I, too have a bunch of SCSI errors like "Buffer I/O error on device sda1, logical block x" when I plug in my USB flash drive or IEEE1394 CDRW, on a pure udev, 2.6.11, KDE3.4 system. With all the SCSI I/O errors, I get all sorts of wierd errors. I can see the make/model of my flashdisk and CDRW, I can see udev made the appropriate /dev/sda1 and /dev/sr0, I cannot mount the VFAT flashdisk partition, I can mount the isofs and ls the root directory but I cannot access any files.

My first discovery was that all errors goes away if I stop the hald (HAL daemon) service.

Second discovery was that kernel 2.6.10 broke something on the SCSI or usb_storage end, thereby affecting 2.6.11 as well. I cannot confirm this, but find and read the changelog for 2.6.10 yourself.
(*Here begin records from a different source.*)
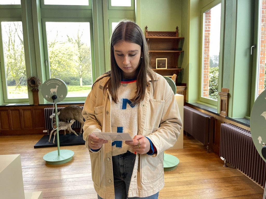 Het bezoekerscentrum is gevestigd in het kasteel, op korte loopafstand van de parking, de vijver, tearoom en speelplein. Als je binnengaat heb je een mooie ontvangstruimte met display en brochures met wandelingen, fietsroutes, de Riebedebiegids, … en twee vriendelijke dames die je helpen met de start van het parcours. Er is een gratis gedeelte en betalend gedeelte. Het gelijkvloers is op zich al heel leerrijk maar ik kan je alleen maar aanraden om ook de interactieve tentoonstelling boven mee te pikken, want het is echt heel mooi aangepakt met coole technieken, film en geluid.
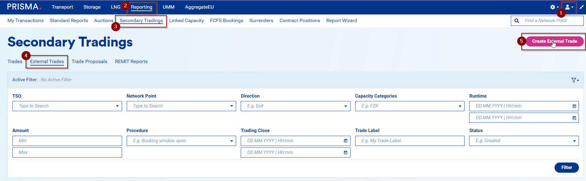 If you subscribe to PRISMA's REMIT Reporting service, you can also upload trades concluded outside the platform to report them to ACER. Any user of your company can do so.
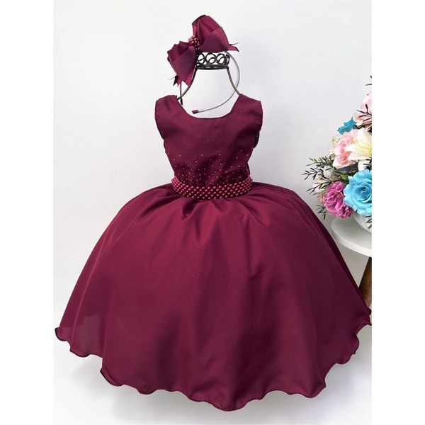 Vestido infantil de clearance festa marsala, Vestido Infantil De Luxo Marsala Liso Com Strass No Busto Perfeito Para Princesa Festa Casamento Daminha Formatura clearance
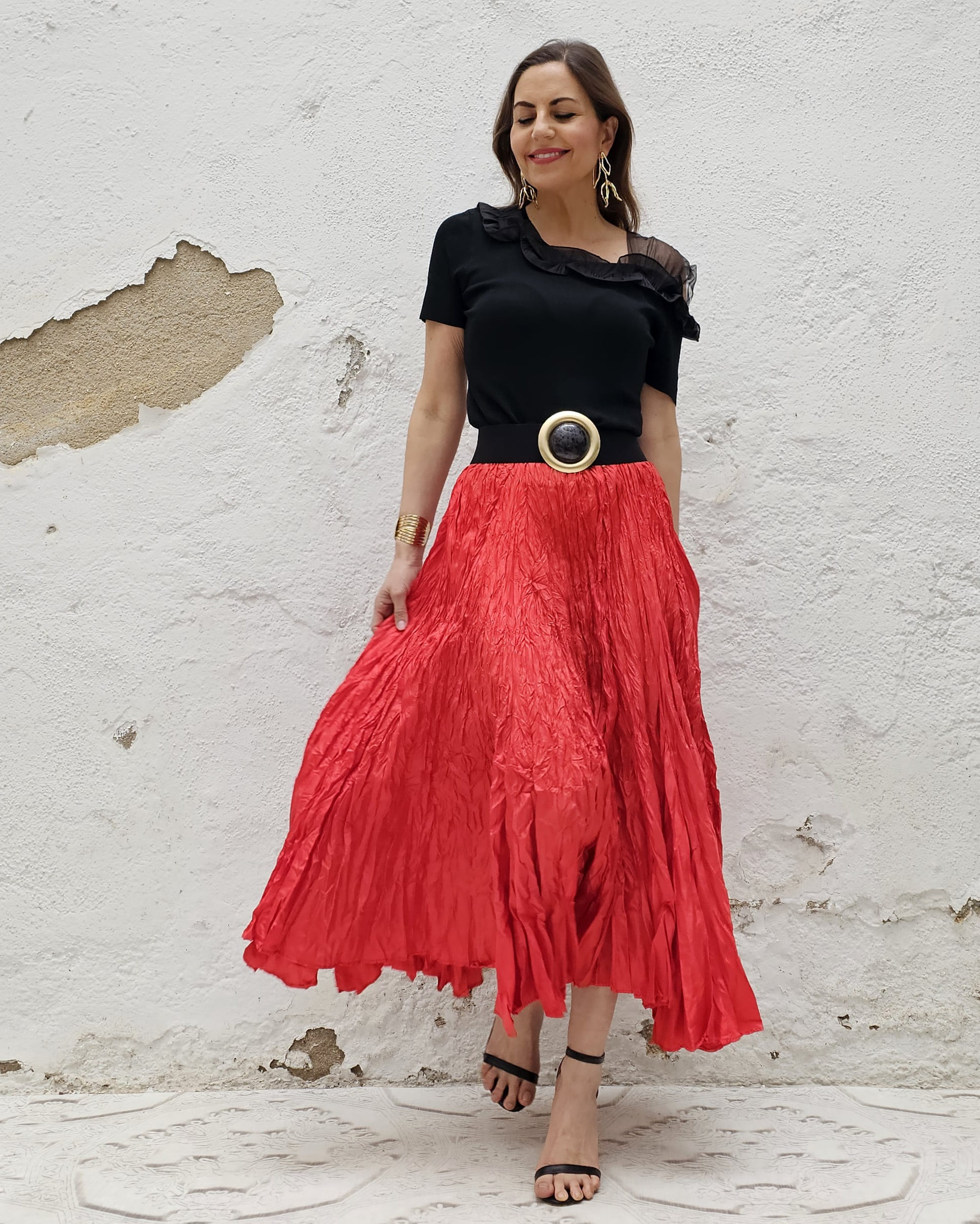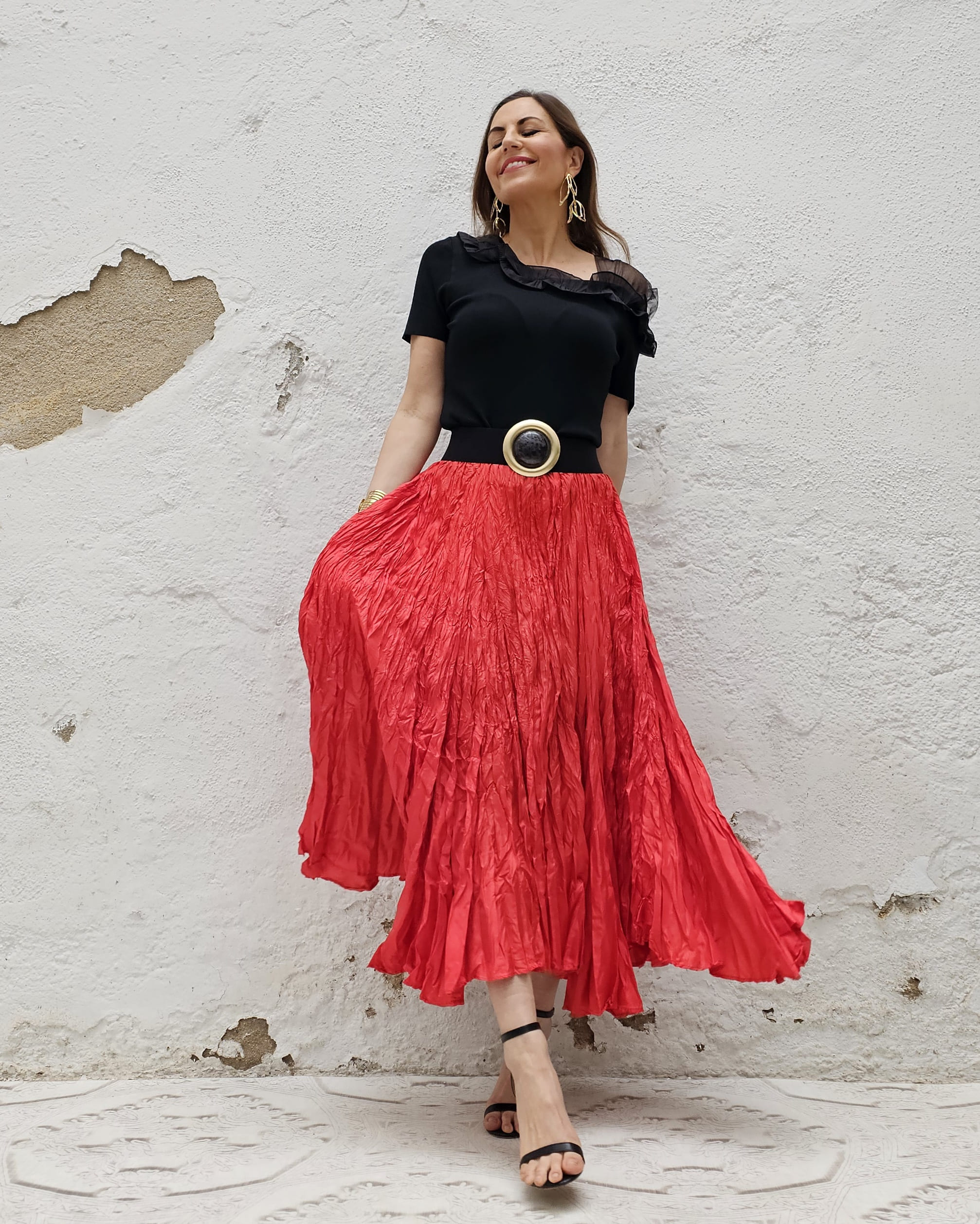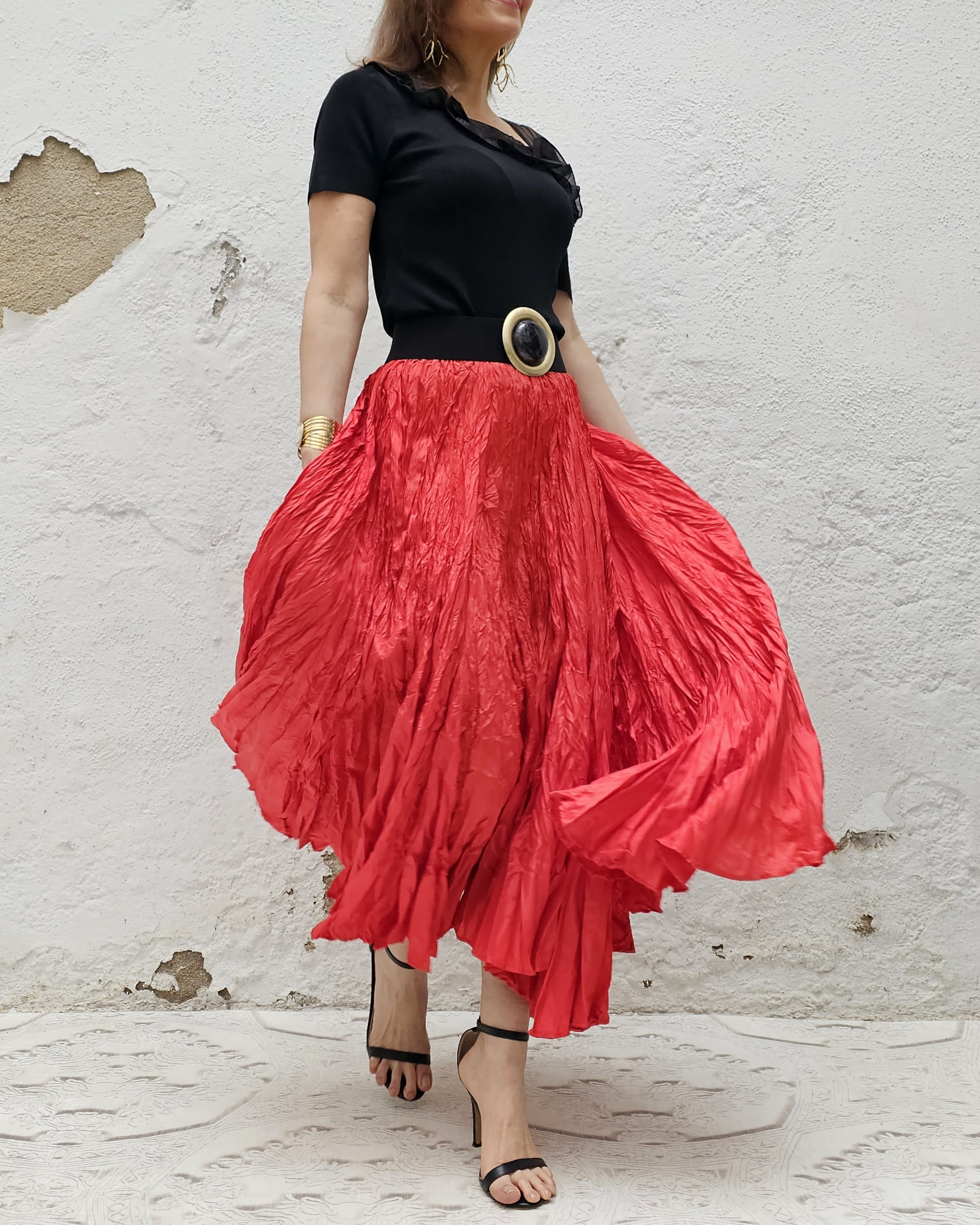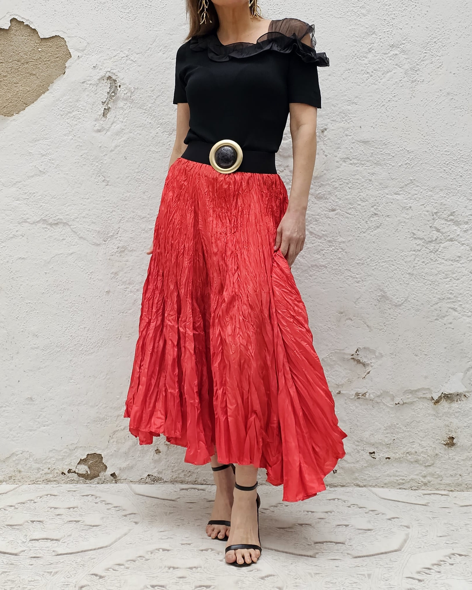 Una falda plisada con efecto arrugado permanente, lo que le da un movimiento espectacular.

Third discovery was turning on (a) probe all SCSI LUNs, (b) verbose debugging for SCSI, (c) verbose debugging for USB, apparently solves the problem without needing to stop hald. I said apparently because I test this only once, last night. Work-in-progress ..

----------

## cfuser

Thank you both for your help.  I did end up needing to write my own rules including the GROUP option (not so painful!), change the permissions and there you have it--working burner again.  The joy and mystery of Gentoo is that sometimes, you just don't know why things that did work befpre. don't work after many eager emerges.  It is made much easier by all the help on the top-notch forum.  Again, thanks.

----------